• **Activity**: In the records below, the relevant part opens with the line containing "Cartão Postal Monograma" and closes with the line containing "Ich gebe mal"; print that part exactly and only, without its pictures.

--- --- ---

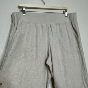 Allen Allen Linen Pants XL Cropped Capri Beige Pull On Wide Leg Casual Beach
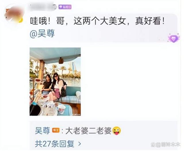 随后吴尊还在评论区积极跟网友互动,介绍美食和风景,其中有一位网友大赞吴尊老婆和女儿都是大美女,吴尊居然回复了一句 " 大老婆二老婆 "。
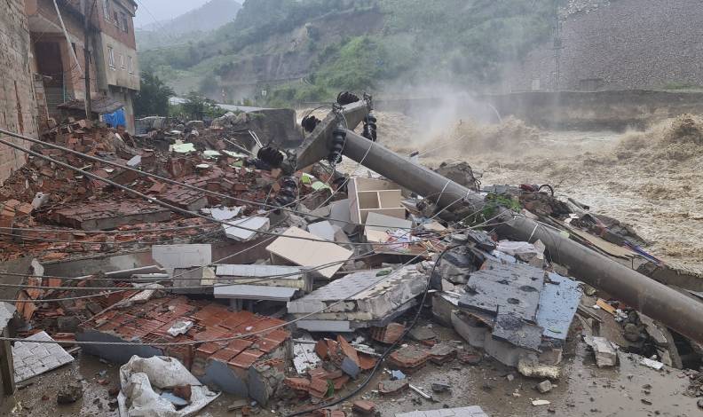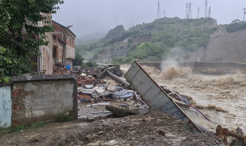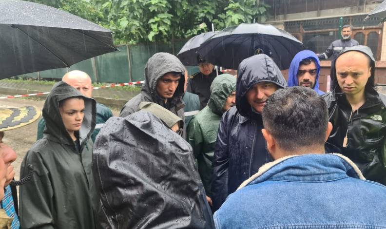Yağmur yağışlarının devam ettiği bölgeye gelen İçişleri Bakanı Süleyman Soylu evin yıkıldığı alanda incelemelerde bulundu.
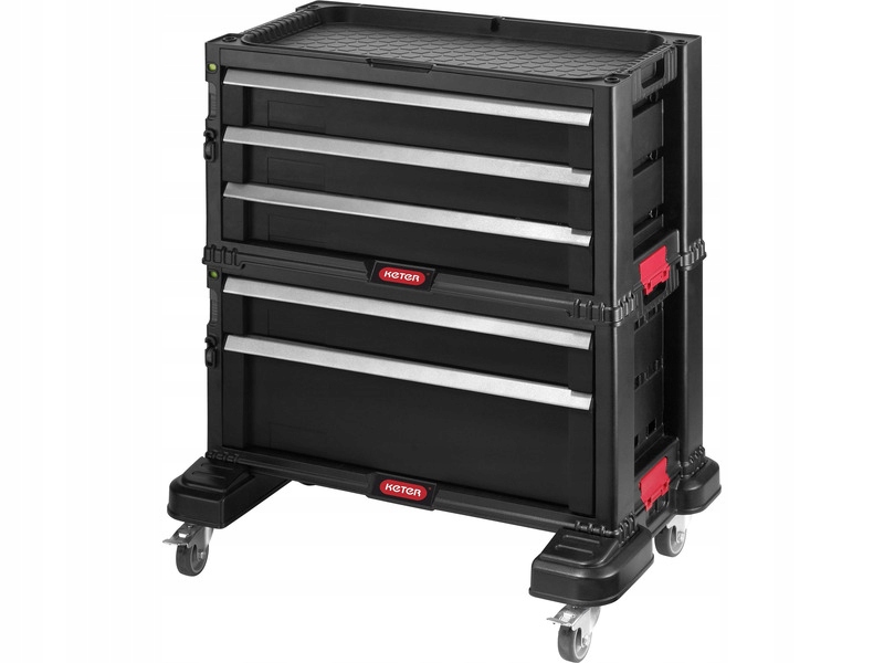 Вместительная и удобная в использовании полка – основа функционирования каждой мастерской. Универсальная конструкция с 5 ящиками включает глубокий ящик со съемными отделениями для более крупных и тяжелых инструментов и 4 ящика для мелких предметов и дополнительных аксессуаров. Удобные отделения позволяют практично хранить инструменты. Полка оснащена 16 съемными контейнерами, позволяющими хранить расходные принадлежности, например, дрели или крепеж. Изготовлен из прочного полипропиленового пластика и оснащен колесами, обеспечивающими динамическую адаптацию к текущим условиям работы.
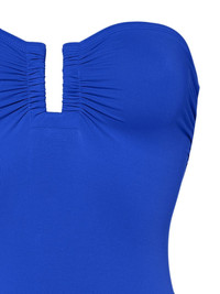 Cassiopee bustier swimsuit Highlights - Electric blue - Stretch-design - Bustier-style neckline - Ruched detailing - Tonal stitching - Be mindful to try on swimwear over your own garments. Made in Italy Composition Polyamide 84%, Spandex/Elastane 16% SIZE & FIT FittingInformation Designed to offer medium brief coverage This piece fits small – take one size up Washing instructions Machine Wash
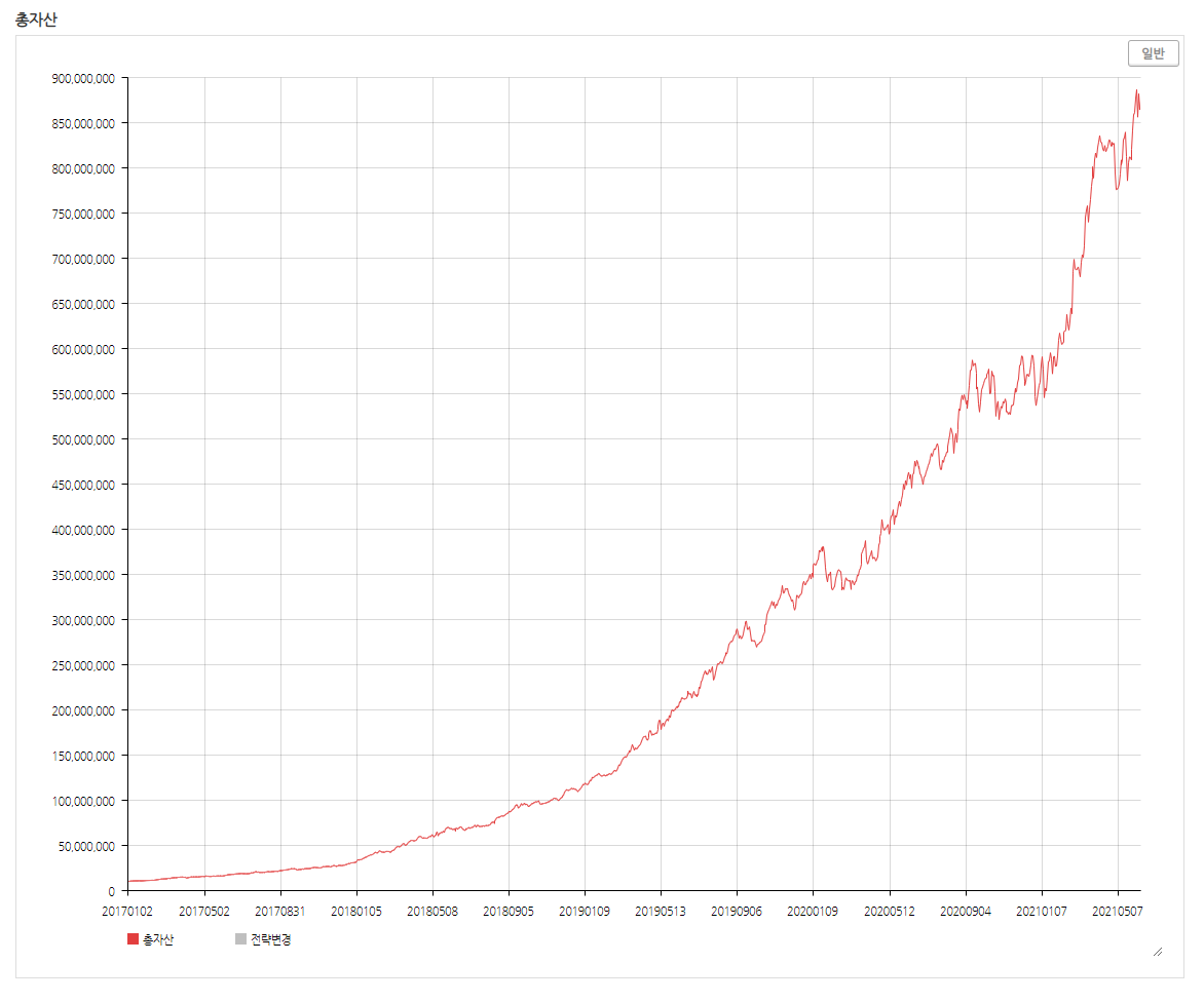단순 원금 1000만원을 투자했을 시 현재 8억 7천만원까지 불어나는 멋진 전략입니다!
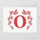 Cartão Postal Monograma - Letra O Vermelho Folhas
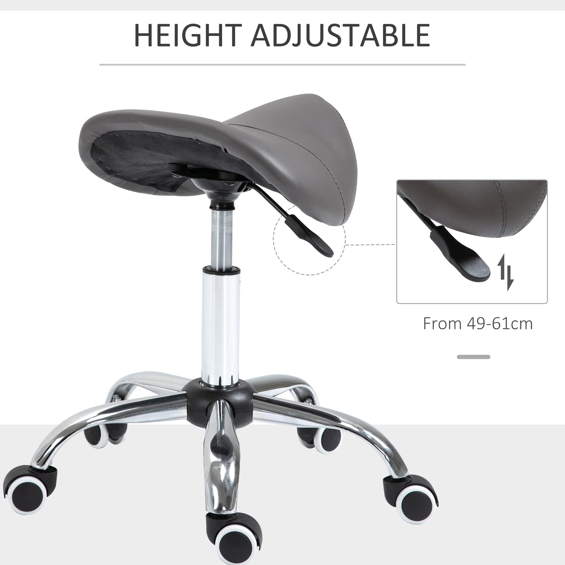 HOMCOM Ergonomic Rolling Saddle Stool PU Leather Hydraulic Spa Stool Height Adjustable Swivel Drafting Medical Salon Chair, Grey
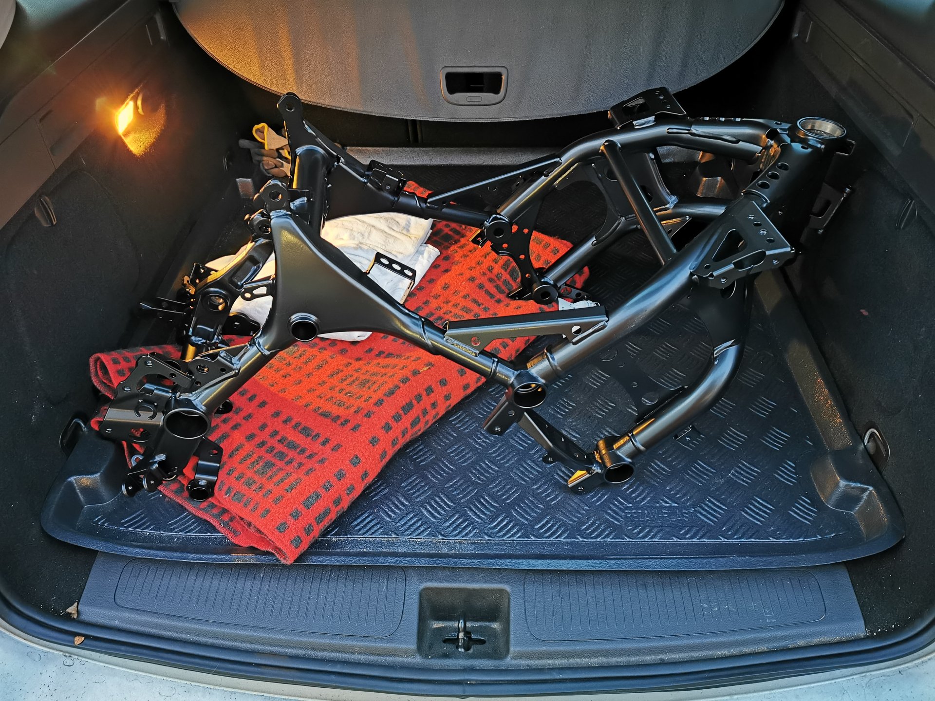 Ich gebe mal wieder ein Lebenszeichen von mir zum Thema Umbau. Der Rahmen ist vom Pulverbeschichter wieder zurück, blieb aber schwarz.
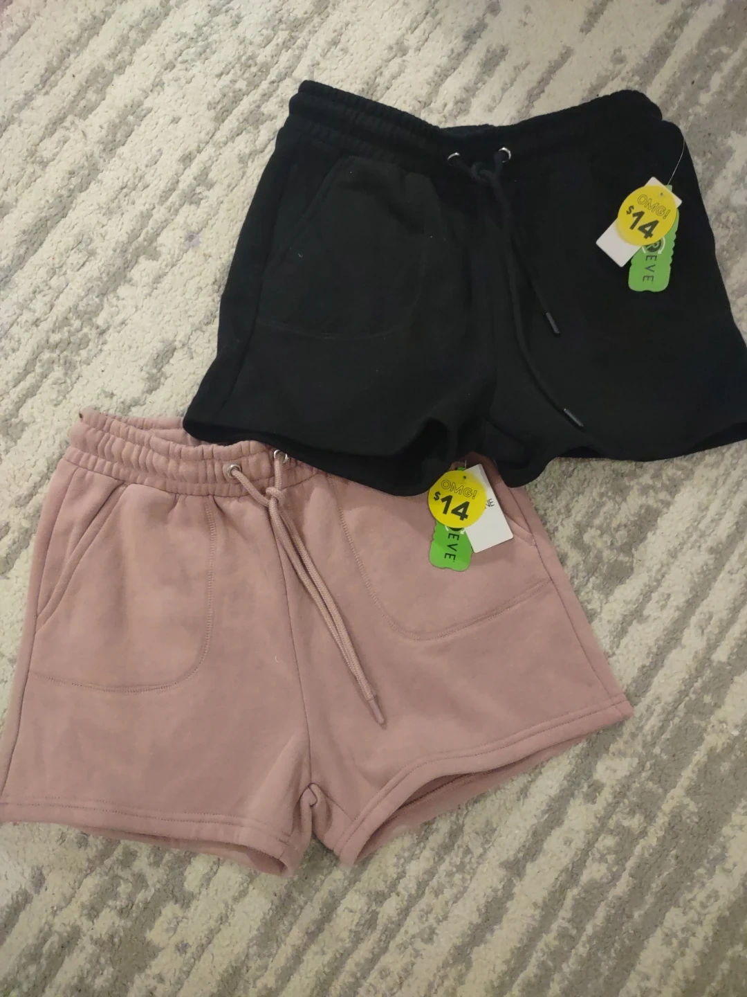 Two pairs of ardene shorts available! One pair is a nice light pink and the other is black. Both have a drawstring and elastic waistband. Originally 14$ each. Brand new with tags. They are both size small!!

--- --- ---

• **Output for this task**:
 Cartão Postal Monograma - Letra O Vermelho Folhas
 HOMCOM Ergonomic Rolling Saddle Stool PU Leather Hydraulic Spa Stool Height Adjustable Swivel Drafting Medical Salon Chair, Grey
 Ich gebe mal wieder ein Lebenszeichen von mir zum Thema Umbau. Der Rahmen ist vom Pulverbeschichter wieder zurück, blieb aber schwarz.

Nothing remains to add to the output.